Project Role : Data Platform Engineer
Project Role Description : Assists with the data platform blueprint and design, encompassing the relevant data platform components. Collaborates with the Integration Architects and Data Architects to ensure cohesive integration between systems and data models.
Must have skills : Data Engineering
Good to have skills : Python (Programming Language), Generative AI
Minimum
5 year(s) of experience is required
Educational Qualification : 15 years full time education
Summary:
As a Data Platform Engineer, a typical day involves contributing to the development and refinement of the data platform blueprint and design, ensuring that all components align effectively. This role requires close collaboration with Integration Architects and Data Architects to maintain seamless integration between various systems and data models.

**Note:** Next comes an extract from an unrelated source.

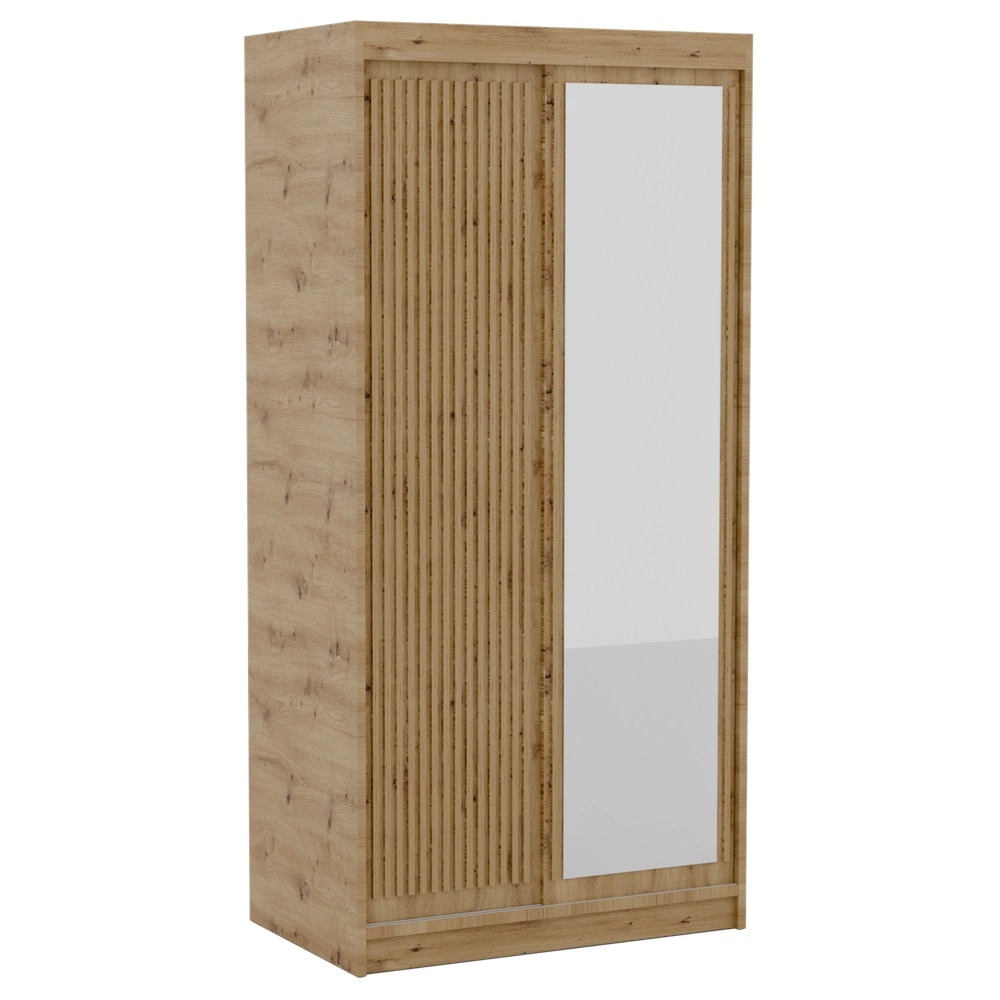 Szafa przesuwna z lustrem Delia 100 cm dąb artisan stylowa szafa z ozdobnymi lamelami w kolorze drewna wpasuje się do każdej aranżacji

The position demands active engagement in coordinating efforts across teams to support the overall data infrastructure, fostering a cohesive environment where data solutions are thoughtfully planned and executed to meet organizational needs.
Roles & Responsibilities:
- Expected to be an SME, collaborate and manage the team to perform.
- Responsible for team decisions.
- Engage with multiple teams and contribute on key decisions.
- Provide solutions to problems for their immediate team and across multiple teams.
- Lead the implementation of data platform strategies to ensure scalability and reliability.
- Facilitate knowledge sharing and mentorship within the team to support professional growth.
- Coordinate cross-functional efforts to align data platform initiatives with business objectives.
Professional & Technical Skills:
- Must To Have Skills: Proficiency in Data Engineering, Python (Programming Language), Generative AI.
- Strong experience with Python and SQL for data processing and pipeline development & Generative AI.
- Strong expertise in designing and managing data pipelines and workflows.
- Hands-on with Azure data services: Data Lake (ADLS), Data Factory (ADF), Synapse, Purview.
- Familiarity with Databricks (Delta Lake, Spark jobs, notebooks).
- Experience with vector databases and embedding pipelines for GenAI/RAG.Knowledge of data governance, security, and compliance frameworks.
- CI/CD experience (Azure DevOps, GitHub Actions) and containerization (Docker/Kubernetes basics).
- Exposure to LangChain/LangGraph, CrewAI, or similar agent orchestration frameworks.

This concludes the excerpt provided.